Let’s turn to slide nine. As you can tell, I’m really excited about the IBM alliance. The IBM alliance is a key strategic decision that positions Broadridge with the industry leader. The business alliance agreement is structured to deliver a comprehensive portfolio of technology based solutions and services for the financial services industry. The alliance joint go to market strategy is a technology lift by IBM and an application shift by Broadridge. The combined solution suite will enable firms to outsource more of their non-core technology and operation functions to both IBM and Broadridge combined.
Broadridge is also outsourcing its data center to IBM. IBM is the recognized global leader in IT outsourcing services. Broadridge will be aligned with a technology provider that offers recognized market leading data center services. IBM data centers meet all of the highest standards of reliability, availability, security, and scalability as specified for Tier IV data center architecture, Tier IV being the highest standard.
It is anticipated that the data center agreement will save Broadridge approximately $25 million annually over the 10 year contract beginning in fiscal year 2013. During the conversion and implementation Broadridge will incur one time costs of approximately $25 million during the conversion period of fiscal 2011 and 2012. Any transaction where you can spend a total of $25 million over two years and save $25 million annually for the next 10 years feels pretty good.
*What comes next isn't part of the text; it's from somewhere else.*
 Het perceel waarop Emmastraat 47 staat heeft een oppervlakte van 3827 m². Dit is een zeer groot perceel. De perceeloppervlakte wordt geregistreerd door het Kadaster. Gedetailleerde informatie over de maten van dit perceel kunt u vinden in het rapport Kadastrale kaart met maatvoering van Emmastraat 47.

Not I’ll turn the call over to Dan who will go into more detail about the third quarter financial results and our guidance update.
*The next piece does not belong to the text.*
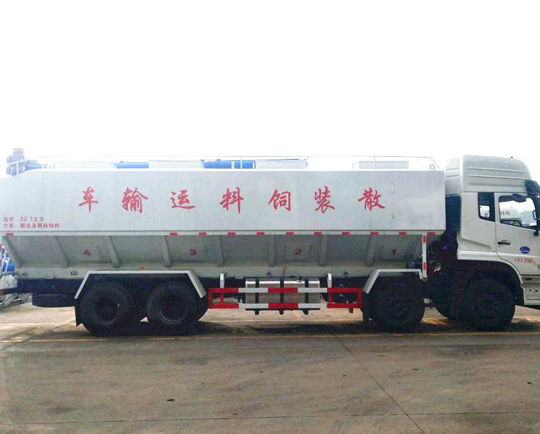 散裝飼料車,又名散裝飼料運輸車,飼料運輸車。結構簡單、性能可靠、輸送量大、操控方便、機動性強、對物料無污染等特點,廣泛應用于各大中小型養殖企業的飼料的運輸。

I’m on slide 10 for our third quarter and our year to date results. Since Rich already addressed the revenue growth components for the quarter and year to date I’ll quickly go into just a little bit of detail on we’ll call it the EBIT margins.
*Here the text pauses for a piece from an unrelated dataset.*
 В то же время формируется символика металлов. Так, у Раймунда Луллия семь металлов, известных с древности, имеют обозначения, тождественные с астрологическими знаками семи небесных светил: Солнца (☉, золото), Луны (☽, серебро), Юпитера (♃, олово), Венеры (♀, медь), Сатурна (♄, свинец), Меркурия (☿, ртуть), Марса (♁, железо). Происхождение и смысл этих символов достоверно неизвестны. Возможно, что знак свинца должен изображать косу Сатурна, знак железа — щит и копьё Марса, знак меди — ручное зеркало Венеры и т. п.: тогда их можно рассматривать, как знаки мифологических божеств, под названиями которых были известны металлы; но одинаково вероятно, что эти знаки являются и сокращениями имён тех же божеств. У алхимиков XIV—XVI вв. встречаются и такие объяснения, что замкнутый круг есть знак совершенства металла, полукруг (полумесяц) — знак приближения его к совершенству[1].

For the quarter, the margins were down two points mainly due to the forecasted revenue fall off in the securities processing business, as well as in investor communications the on-boarding of the Morgan Stanley deal and increased short term investments including some incremental sales commissions. The EBIT margins were down slightly year to date due to the positive impact from investor communications even driven mutual fund proxy revenue in the second quarter which was then offset by the Q3 activity we just mentioned.
Our non-GAAP earnings per share was down for the quarter and up year to date due to the contributions from EBIT and share buy backs.
Let’s move to slide 11 and review our revenue drivers in a little bit more detail. On this slide, I wanted to refresh your memories on how the revenue drivers have worked in the past and how they are forecasted to look in fiscal year ’10. We use these drivers to build our forecast and forward looking revenue models.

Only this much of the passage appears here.